OFFICE OF SURFACE MINING RECLAMATION AND ENFORCEMENT
Library of COALEX Research Reports
COALEX Research Reports are the products of research and analysis conducted on specific issues relating to the regulation of Surface Mining Control and Reclamation Act of 1977. The research is conducted in response to requests for information from State Regulatory Authorities, under a cooperative agreement between the Office of Surface Mining (OSM) and the Interstate Mining Compact Commission (IMCC).
COALEX refers to the Library of Surface Mining Materials maintained by OSM in LEXIS-NEXIS and is a major source for the research.

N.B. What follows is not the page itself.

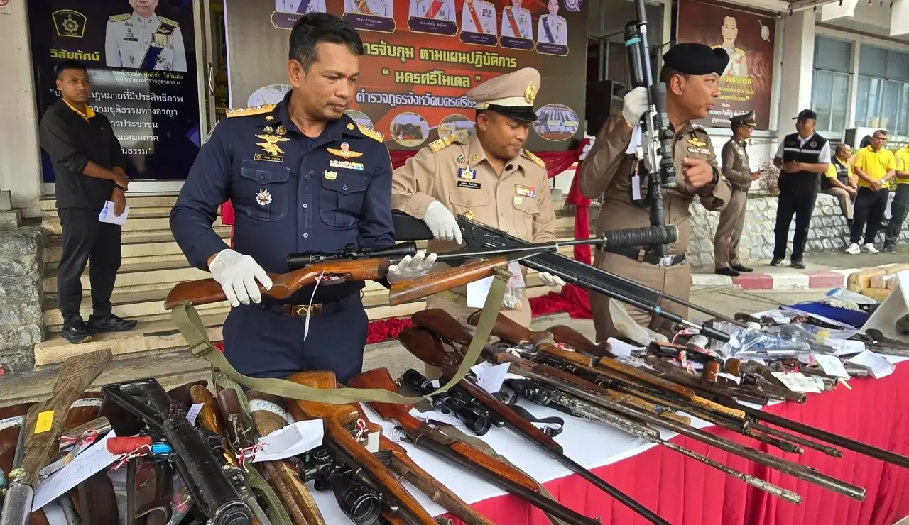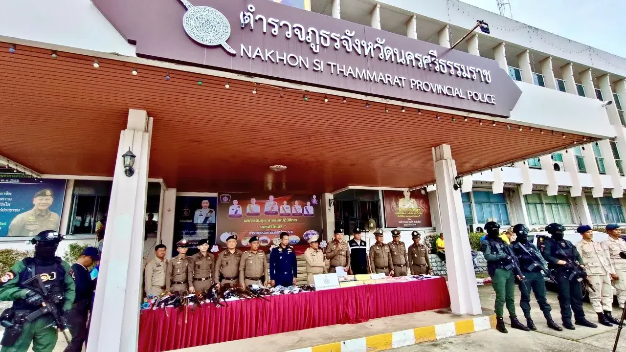 นครศรีธรรมราช นายสมชาย ลีหล้าน้อย ผู้ว่าราชการจังหวัดนครศรีธรรมราช พร้อมด้วย พล.ต.ต.เกรียงศักดิ์ นุ่นเกลี้ยง ผบก.ภ.จว.นครศรีธรรมราช และผู้กำกับสถานีตำรวจในสังกัด ร่วมแถลงผลการกวาดล้างป้องกันปราบปรามอาชญากรรม และยาเสพติดทุกประเภท ตลอดจนการขยายผลตรวจยึดทรัพย์สินตามประมวลกฎหมายยาเสพติด, ผู้เกี่ยวข้องยาเสพติด และเพื่อเป็นการตัดตอนให้ยาเสพติดลดน้อยลง ตามนโยบายป้องกันปราบปรามยาเสพติดตามนโยบายของสำนักงานตำรวจแห่งชาติ และมีการขับเคลื่อน ตามแผนปฏิบัติการ “ นครศรีโมเดล ” ในพื้นที่จังหวัดนครศรีธรรมราช ห้วงวันที่ 17 – 23 ตุลาคม 2568 ซึ่งผลการปฏิบัติในภาพรวม สามารถจับกุมคดียาเสพติด อาวุธปืนพร้อมเครื่องกระสุนปืน สามารถจับกุมผู้ต้องหา 190 ราย 192 คน แยกเป็นข้อกล่าวหาจำหน่ายจำนวน 29 ราย คนครอบครอง 97 ราย 99 คน ครอบครองเพื่อเสพ 11 ราย 11 คน เสพยาเสพติด 52 ราย 52 คนสมคบสนับสนุนจำนวน 1 ราย 1 คน จับกุมตามหมายจับคดียาเสพติด 4 หมาย ยึดยาบ้า 254,157 เม็ดไอซ์ 159 กรัม ตรวจยึดทรัพย์สินเกี่ยวข้องยาเสพติด มูลค่า 9,535,368 บาท แยกเป็น โทรศัพท์ 29 เครื่อง ราคาประมาณ 328,000 บาท เงินสด 13 รายการ 139,368 บาท อาวุธปืน 22 กระบอก ราคาประมาณ 343,000 บาท รถยนต์ 2 คัน ราคาประมาณ 1,020,000 บาท รถจักรยานยนต์ 4 คัน ราคาประมาณ 205,000 บาท บ้านพร้อมสิ่งปลูกสร้าง 2 รายการ ราคาประมาณ 7,500,000 บาท

Each Report includes a list of resources which were sent as attachments to the individual who requested the research. To obtain a copy of the attachments or to obtain any additional information, contact Joyce Zweben Scall by phone at 202-686-9138 or by email at JZScall@aol.com.
COALEX STATE INQUIRY REPORT - 183
June 1991
James Ellerhoff
Division of Soil Conservation
Wallace Building, 2nd Floor
East 9th Street & Grand Avenue
Des Moines, Iowa 50319
TOPIC: UNWARRANTED FAILURE TO COMPLY: DEFINITION OF "INDIFFERENCE", "LACK OF DILIGENCE" AND "LACK OF REASONABLE CARE" [Includes COALEX Reports Nos. 141 & 172]

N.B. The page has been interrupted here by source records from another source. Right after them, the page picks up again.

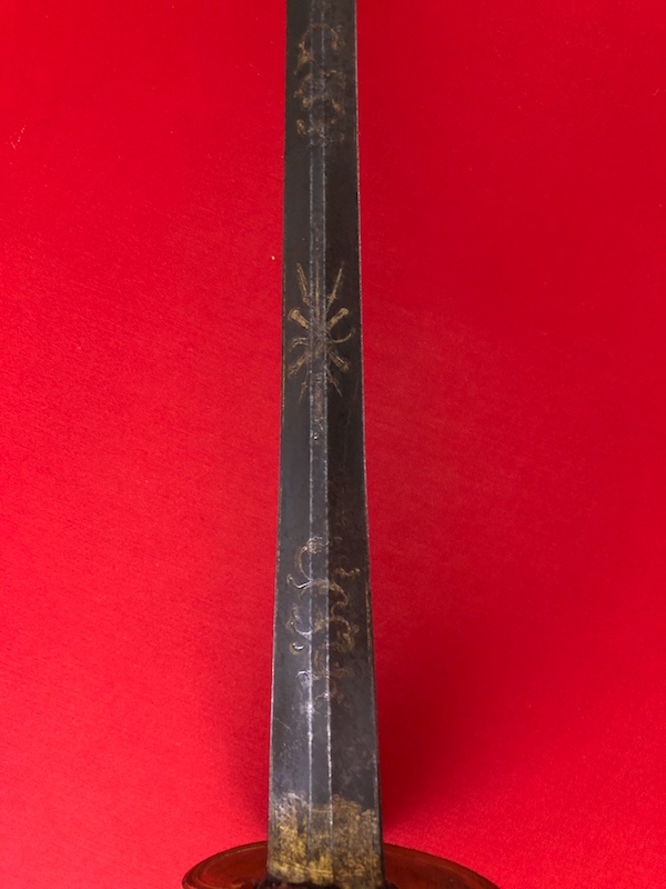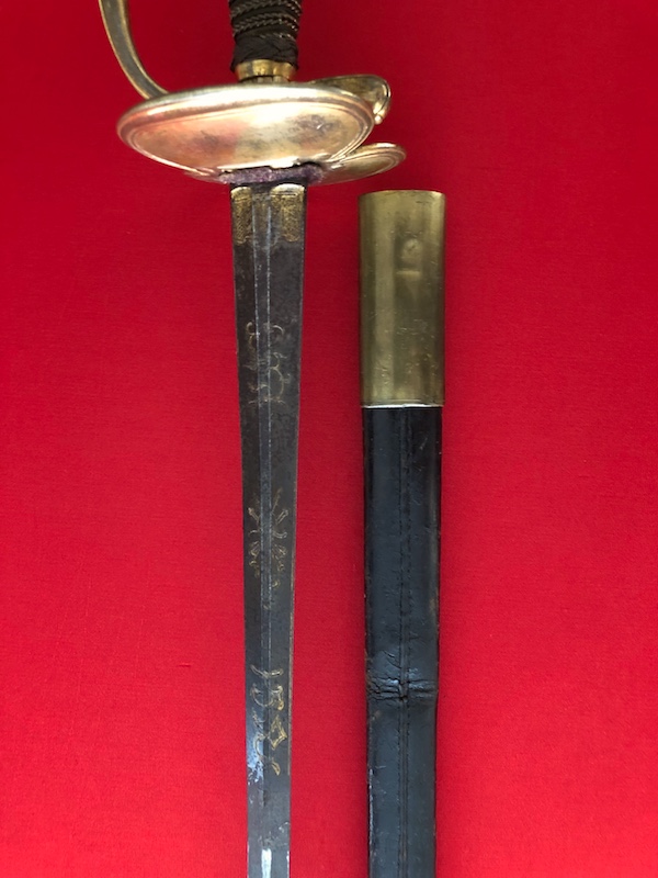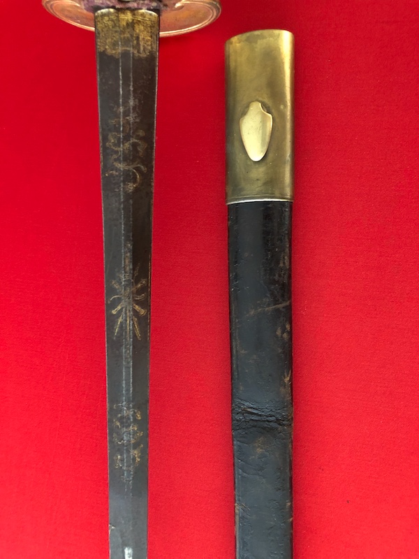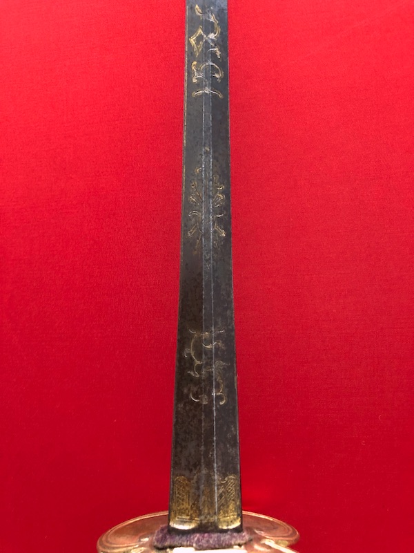 Klinge gebläut und vergoldet. Gefäß vergoldet.Lederscheide mit Messingbeschlägen.
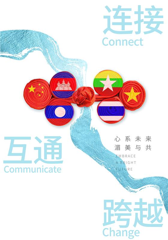 创意说明:海报用澜沧江、湄公河几个字里共有的三点水作为创意出发点,将澜沧江、湄公河用水连接起来,用以表达边境各国一衣带水,命运相连的主题。
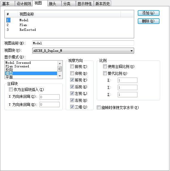 提示: 为了确定用于显示基于样式的对象的视图块,软件将识别当前图形中的活动显示模式(由活动显示配置确定)和活动观察方向,然后搜索具有相同指定显示模式和观察方向的样式视图。如果找到了一个匹配视图,将使用关联的视图块显示对象。如果找到了多个匹配视图,将用所有关联的视图块显示对象。如果未找到任何匹配视图,将不会显示对象。
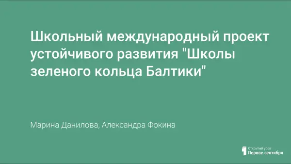 Школьный международный проект устойчивого развития "Школы зеленого кольца Балтики"
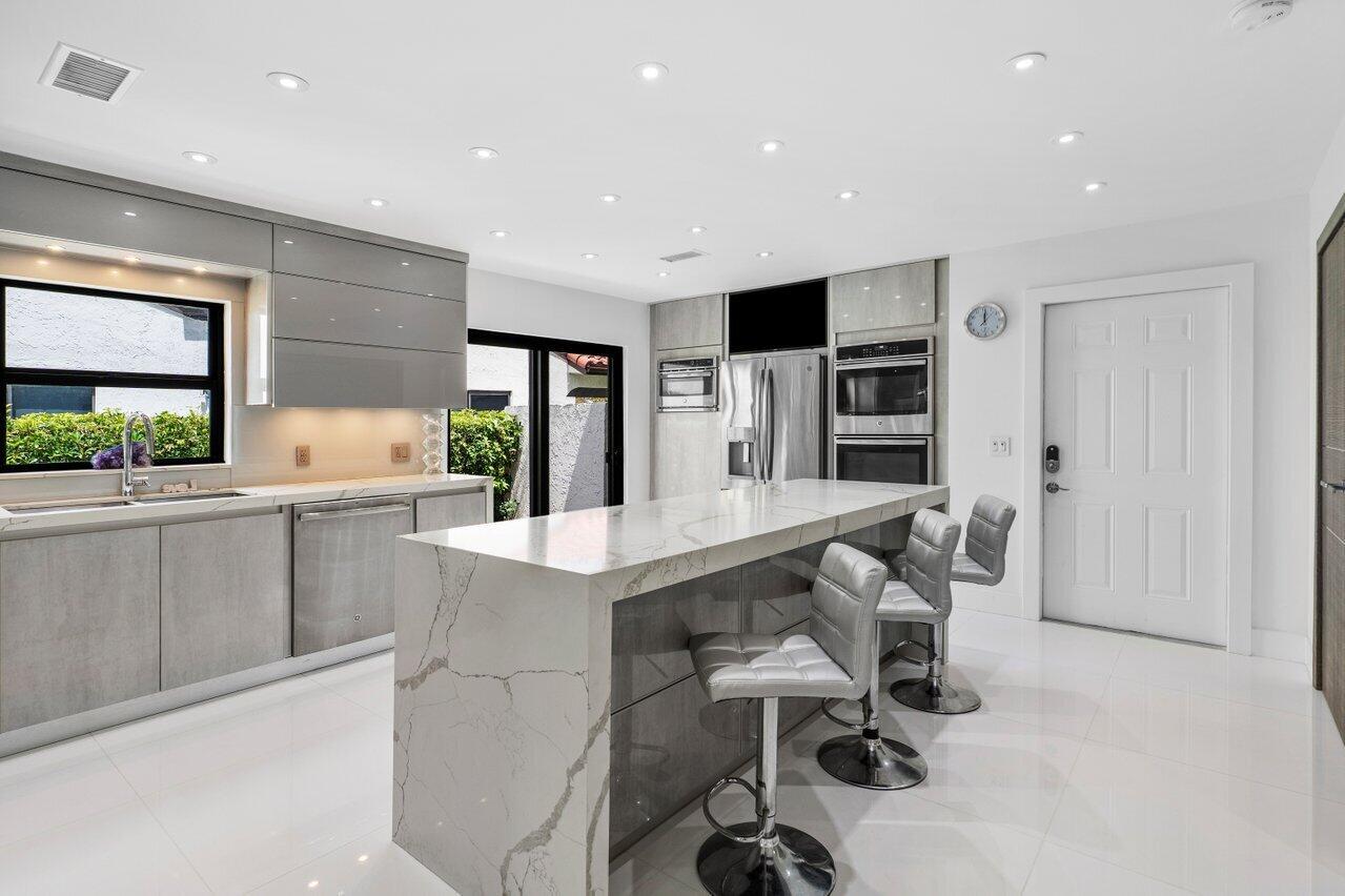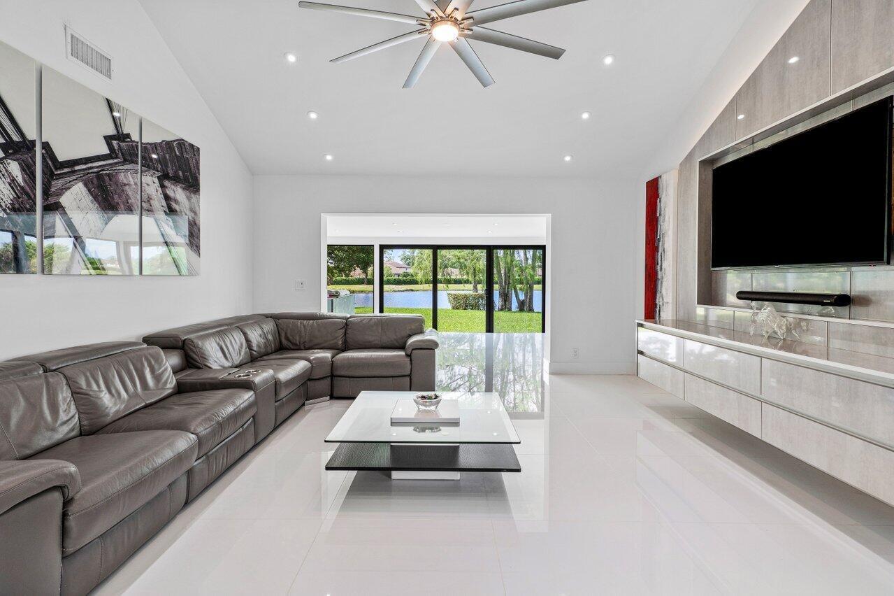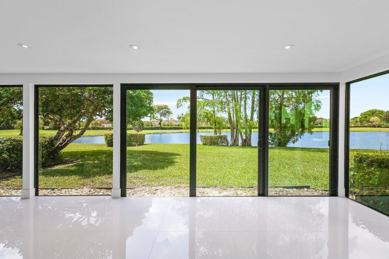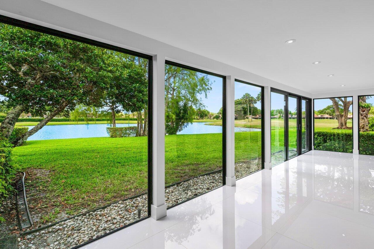 Modern masterpiece and builder's model home residence with the highest & finest custom finishes! Completely remodeled with breathtaking views of the lakes, golf course, wildlife and nature with the most impressive sunsets from inside and outside your home. Cypresses of Boca Lago is gated and patrolled. New roof and A/C systems are 2022. New paved roads & driveways 2024. Complete hurricane impact windows and doors! Smart home technology. Kitchen equipped with S/S GE Profile appliances & double-oven. 32''x32'' rectified glass-porcelain floors! Master bathroom with spacious infinity shower, extra-large rain head with hand held & power jets, frame-less glass doors, floating vanities with double sink & under mount lighting. Additional features of this masterpiece include Blum under-mount...

INQUIRY: Are there any administrative decisions which define the terms above as used in the definition of "unwarranted failure to comply", 30 CFR 843.5 [initial regulations 30 CFR 722.16(b)(3)]? The same phrases are found as part of the definition of "negligence", 30 CFR 845.13(b)(3)(ii)(B) [initial regulations 30 CFR 723.12(d)].
SEARCH RESULTS: The COALEX Library and existing COALEX Reports were used to conduct this research. The relevant OHA decisions identified attempt to define terms at issue in determining the validity of an NOV or CO, or when addressing the appropriateness of the points assigned for negligence. Copies of the decisions listed below are attached. Also included are COALEX Report - 172, "Inability to comply" (March, 1991) and COALEX Report - 141, "Reduction of mandatory civil penalty" (May, 1990) [See, in particular, PEABODY COAL CO. v OSM, 90 IBLA 186, IBLA 84-766 (January 28, 1986)].

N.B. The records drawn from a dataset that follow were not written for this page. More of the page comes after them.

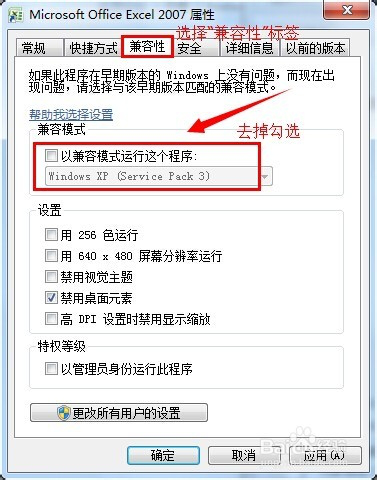 2.之后,彈出word/excel的屬性頁(如下圖)。然后切換到標簽“兼容性”下。去掉勾選“以兼容模式運行這個程序”。之后,點擊“應用”或者“確定”。
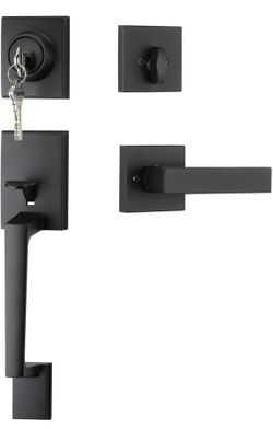 Open Box New Black Front Door Handle and Deadbolt Set, Entry Door Handle and Deadbolt with Reversible Handle Lever,Front Door Lock Set, Exterior Door $45Greensboro, NC
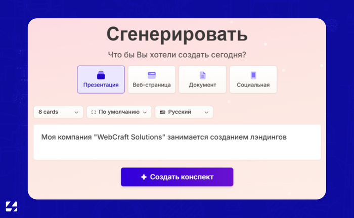 Нейросеть автоматически сгенерирует текст, изображения и структуру презентации
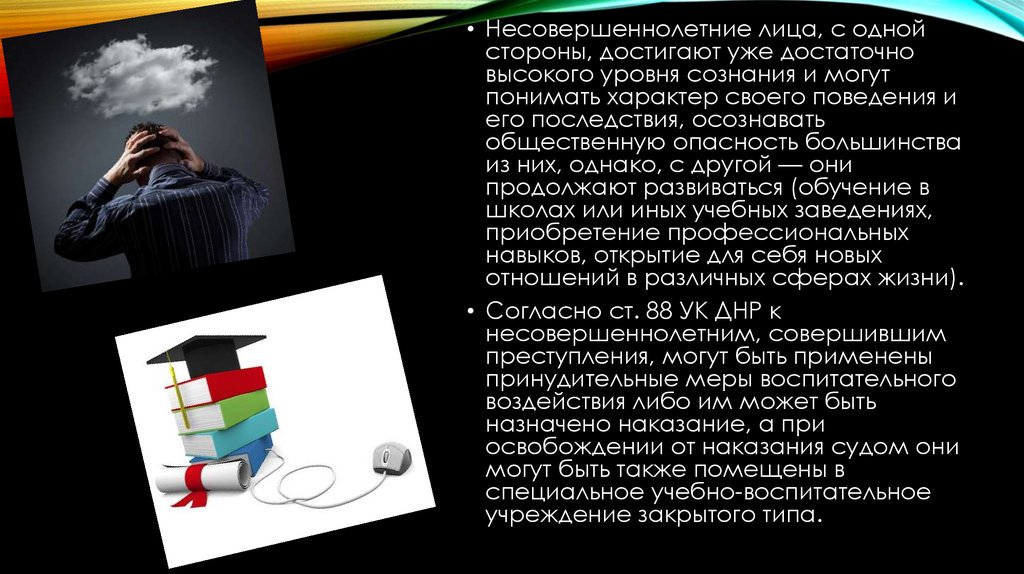 • Несовершеннолетние лица, с однойстороны, достигают уже достаточно
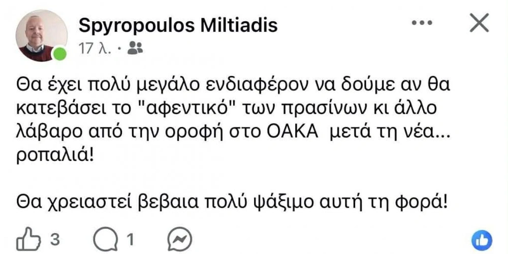 «Θα έχει πολύ μεγάλο ενδιαφέρον να δούμε αν θα κατεβάσει το «αφεντικό» των πρασίνων κι άλλο λάβαρο από την οροφή στο ΟΑΚΑ μετά τη νέα... ροπαλιά! Θα χρειαστεί βέβαια πολύ ψάξιμο αυτή τη φορά!».

OSM v RWR DEVELOPMENT CO. AND DEBCON COAL CO., CH 0-2-A (March 17, 1981).
In finding that there was "no pattern of violation to warrant either suspension or revocation" of the mining permit, the ALJ used BLACK'S LAW DICTIONARY to define the phrases at issue:
"There is a wide chasm between an act of indifference and lack of reasonable care. There is a difference between the lack of diligence in 'allowing a violation to occur' and a failure to abate a violation due to indifference or lack of reasonable care."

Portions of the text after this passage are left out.